Note:The Default augmentations are not added on purpose as brighness, contrast can affect the strong_background feature

def generate_dataloaders( df, path='.', valid_pct=0.2, seed=None, fn_col=0, folder=None, suff='', label_col=1, label_delim=None,
            y_block=None,x_block=None, valid_col=None, item_tfms=None, batch_tfms=None, **kwargs):
    "Create from `df` using `fn_col` and `label_col`"
    pref = f'{Path(path) if folder is None else Path(path)/folder}{os.path.sep}'
    if y_block is None:
        is_multi = (is_listy(label_col) and len(label_col) > 1) or label_delim is not None
        y_block = MultiCategoryBlock if is_multi else CategoryBlock
    if x_block is None:
        x_block=ImageBlock
    splitter = RandomSplitter(valid_pct, seed=seed) if valid_col is None else ColSplitter(valid_col)
    dblock = DataBlock(blocks=(x_block, y_block),
                       get_x=ColReader(fn_col, pref=pref, suff=suff),
                       get_y=ColReader(label_col, label_delim=label_delim),
                       splitter=splitter,
                       item_tfms=item_tfms,
                       batch_tfms=batch_tfms)
    return DataLoaders.from_dblock(dblock, df, path=path, **kwargs)

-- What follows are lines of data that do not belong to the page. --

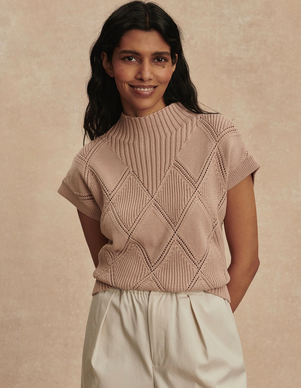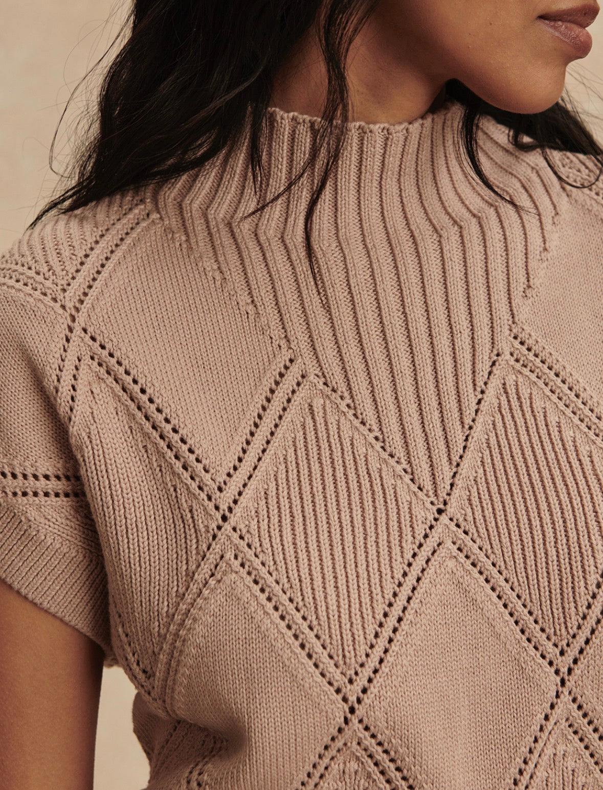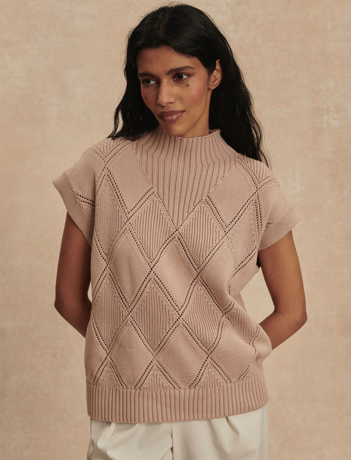 A relaxed top perfect for easy layering or wearing solo, the Keffin is crafted from 100% cotton in a mid-gauge knit. An all-over diamond pointelle stitch and rib detailing add texture, while the high neck and dropped sleeves create a contemporary shape.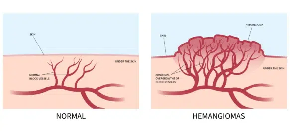 - Haemangiomas: Raised, bright red or bluish marks that grow in infancy and sometimes shrink with age.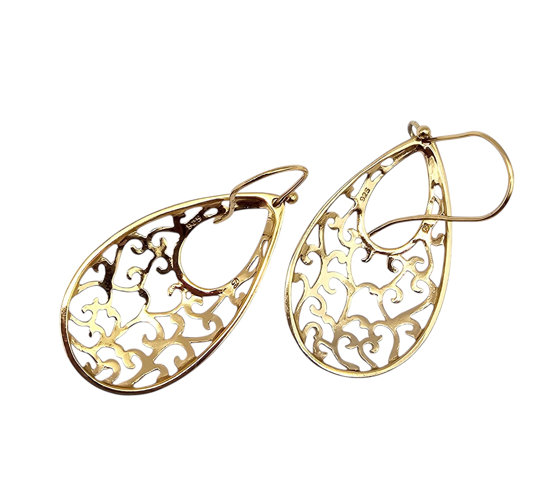 D Gold Over Sterling Silver Drop Dangle Earrings 2.5 G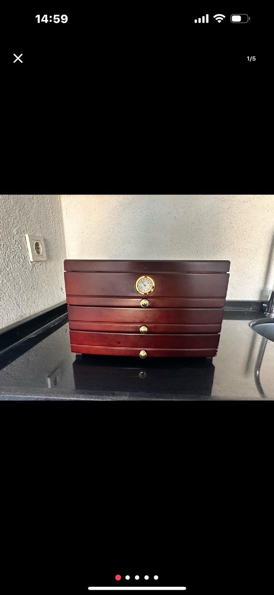 Bordo renkte, çok çekmeceli ahşap HUMİDOR tertemiz sorunsuz

We now create the dataloader with this data frame:

  • x_block might be the black and white monochrome image.
  • path specifies the location of images
  • label_col specifies the column where the dependent variable is available.
  • label_delim soecies the delimiter that splits the labels available in label_col
  • suff adds the suffix to the image.
  • item_tfms specifies the transformation to be done at item level. Here we resize to a 48*48 image by squishing so that the entire image is given
  • bs specifies the batch_size to be used
dataloaders=generate_dataloaders(labels_df,x_block=ImageBlock(PILImageBW),label_col='labels',path=path/'images',suff='.png',label_delim=', ',item_tfms=Resize(48,ResizeMethod.Squish),bs=128)

Lets get a batch of data and see if we have a have the shape of input as we expect.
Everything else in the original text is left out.